In [1]:
import os
import pickle
import pathlib
import pandas as pd
from TELF.pre_processing import Vulture 
from TELF.pre_processing.Vulture.modules import SimpleCleaner
from TELF.pre_processing.Vulture.default_stop_words import STOP_WORDS
from TELF.pre_processing.Vulture.default_stop_phrases import STOP_PHRASES
from TELF.pre_processing.Vulture.tokens_analysis.vocab_consolidator import VocabularyConsolidator

In [2]:
DATA_DIR = os.path.join('..', '..', 'data')
DATA_DIR = pathlib.Path(DATA_DIR).resolve()
DATA_FILE = 'sample.csv'
df_path = os.path.join(DATA_DIR,DATA_FILE)
df = pd.read_csv(df_path)
documents = df.abstract.to_dict()

In [3]:
vulture = Vulture(n_jobs  = 1, 
                  verbose = 10,  # Disable == 0, Verbose >= 1
                 )
steps = [SimpleCleaner( stop_words = STOP_WORDS,
                  stop_phrases = STOP_PHRASES,
            order = [
                'standardize_hyphens',
                'remove_stop_phrases',
                'isolate_frozen',
                'remove_copyright_statement',
                'make_lower_case',
                'remove_formulas',
                'normalize',
                'remove_next_line',
                'remove_email',
                'remove_()',
                'remove_[]',
                'remove_special_characters',
                'remove_nonASCII_boundary',
                'remove_nonASCII',
                'remove_tags',
                'remove_stop_words',
                'remove_standalone_numbers',
                'remove_extra_whitespace',
                'min_characters',
        ])]
vulture.clean(  documents, 
                steps=steps,
                save_path=os.path.join(DATA_DIR, "clean_documents"))         

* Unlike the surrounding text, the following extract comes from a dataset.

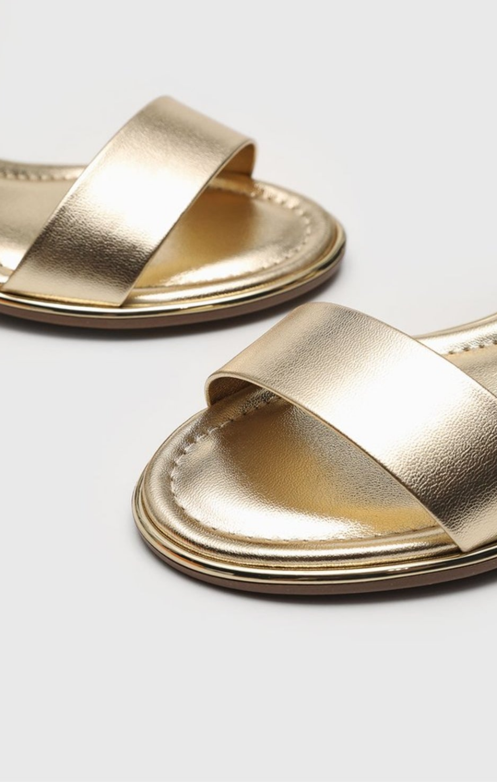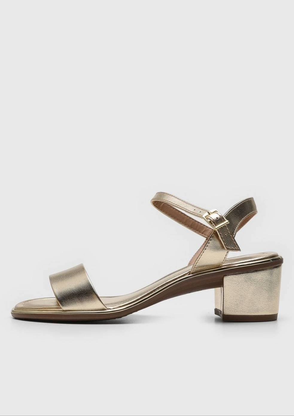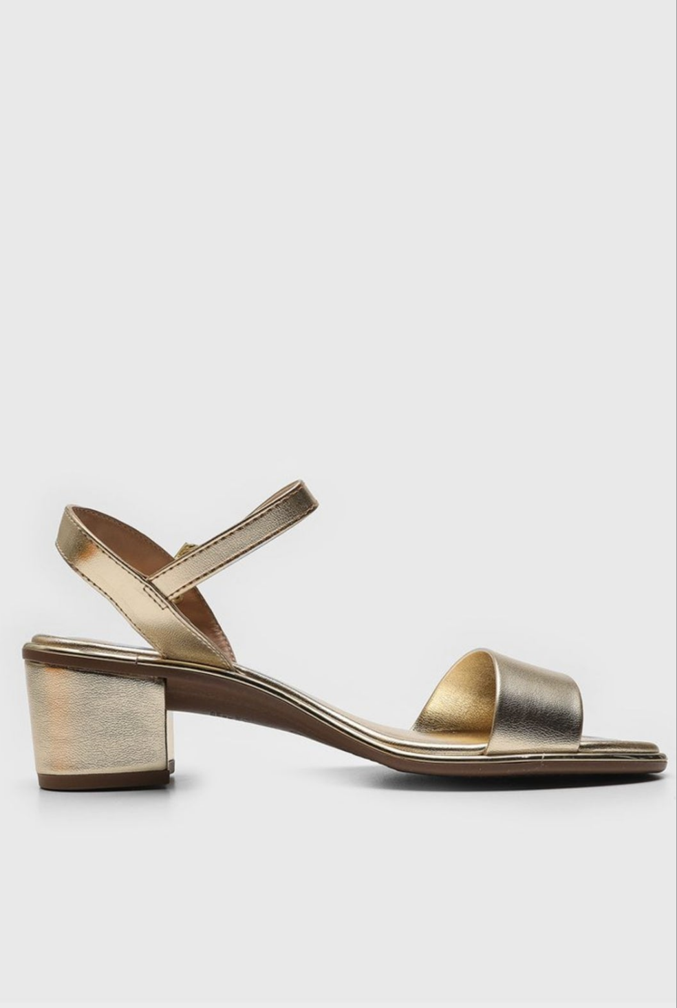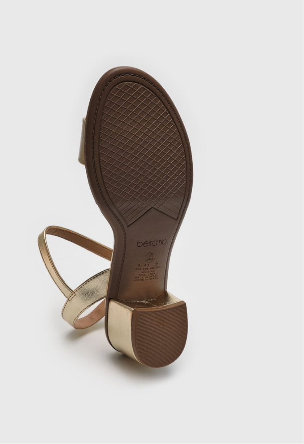 Elegancia y versatilidad en cada paso. Esta sandalia Beira Río en tono dorada destaca por su diseño minimalista y tacón medio que brinda estabilidad.

clean_documents = pickle.load(
                        open(os.path.join(DATA_DIR, "clean_documents"), 'rb')
                        )

[Vulture]: Cleaning 940 documents
  0%|          | 0/1 [00:00<?, ?it/s][Vulture]: Running SimpleCleaner module
100%|██████████| 940/940 [00:01<00:00, 508.09it/s]
100%|██████████| 1/1 [00:01<00:00,  1.85s/it]


In [7]:
consolidator = VocabularyConsolidator()
changes_made_file = 'VOCAB_CONSOLIDATOR_changes.csv'
o = consolidator.consolidate_terms( vocabulary=None,
                                    texts=clean_documents,
                                    changes_made_save_path=os.path.join(DATA_DIR, changes_made_file),
                                    operated_text_save_path=os.path.join(DATA_DIR, 'VOCAB_CONSOLIDATOR'))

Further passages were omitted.